Es ist eine ungemütliche, harte Welt, die da gezeichnet wird, im Buch so wie auf der Theaterbühne. Auch wenn Schalkos lapidar-ironischer Ton die Tragik der Einzelschicksale verwischt und zu Anekdoten verkürzt.

Die illustre Unterweltbesatzung hat kein Problem, sich auf Kosten anderer Vorteile zu verschaffen und fackelt dementsprechend nicht lange mit Kontrahenten. Opportunismus ist der größte gemeinsame Nenner zwischen den Figuren und äußert sich auf unterschiedliche Art und Weise. Die Liebe bleibt für alle eine Illusion und/oder unerreichbar. Diese Kargheit schlägt sich auch im Bühnenbild nieder, das reduziert, aber effektvoll gestaltet ist; mit der Band im hintersten Winkel platziert, so dass man die Musiker sehen kann.

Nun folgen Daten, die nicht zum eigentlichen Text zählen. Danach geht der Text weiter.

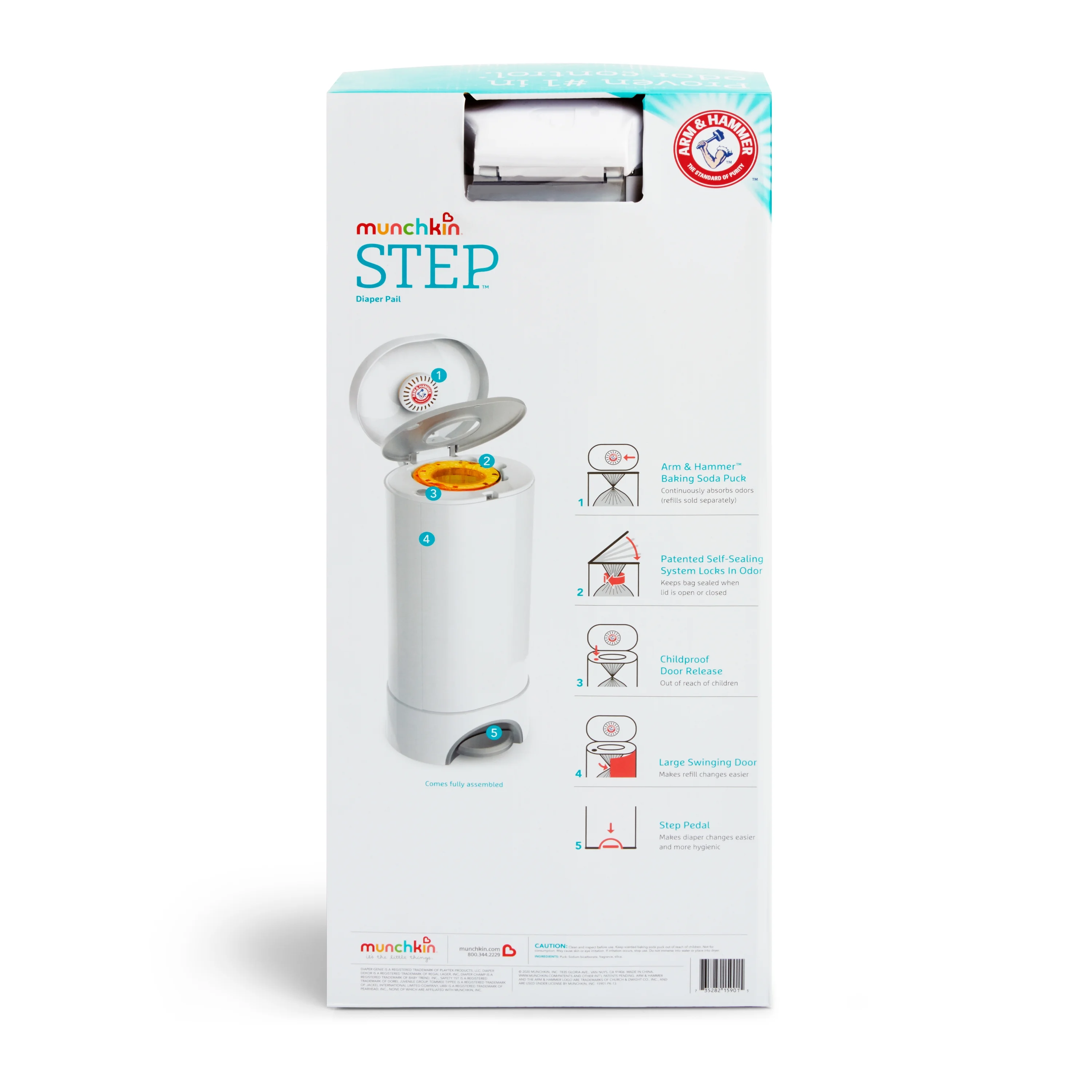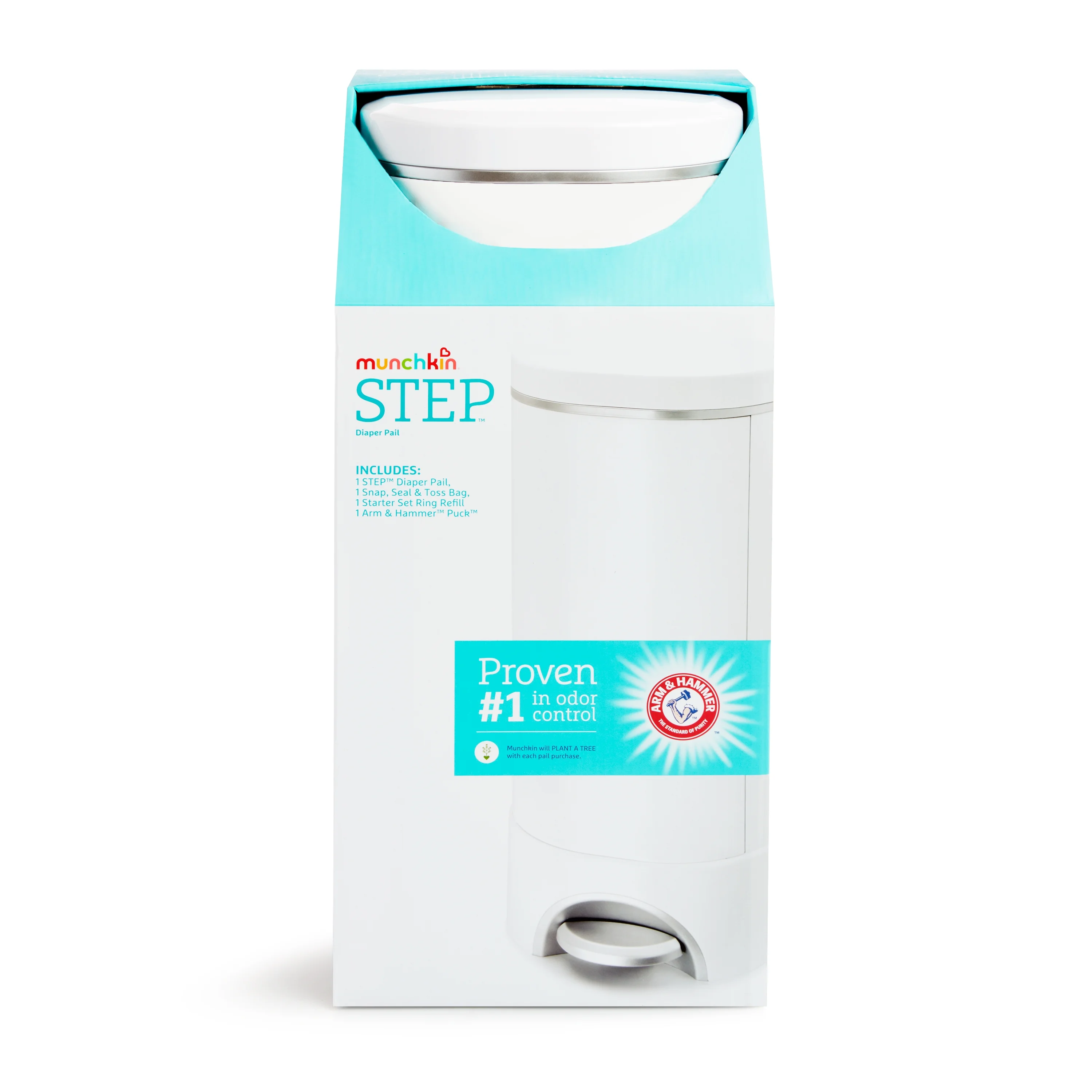 Munchkin® STEP™ Infant Diaper Pail, Powered by Arm & Hammer™, #1 in Odor Control, Hands Free, White

So wie die Romanvorlage folgt auch die Bühnenversion keinem klassischen dramaturgischen Spannungsbogen. Das, was aber so Spaß macht, ist auch nicht die Entfaltung eines bestimmten Handlungsstranges, sondern die heraufbeschworene Stimmung und der humorige Erzählton. Das muss man schon auch mögen. Ich mag es sehr.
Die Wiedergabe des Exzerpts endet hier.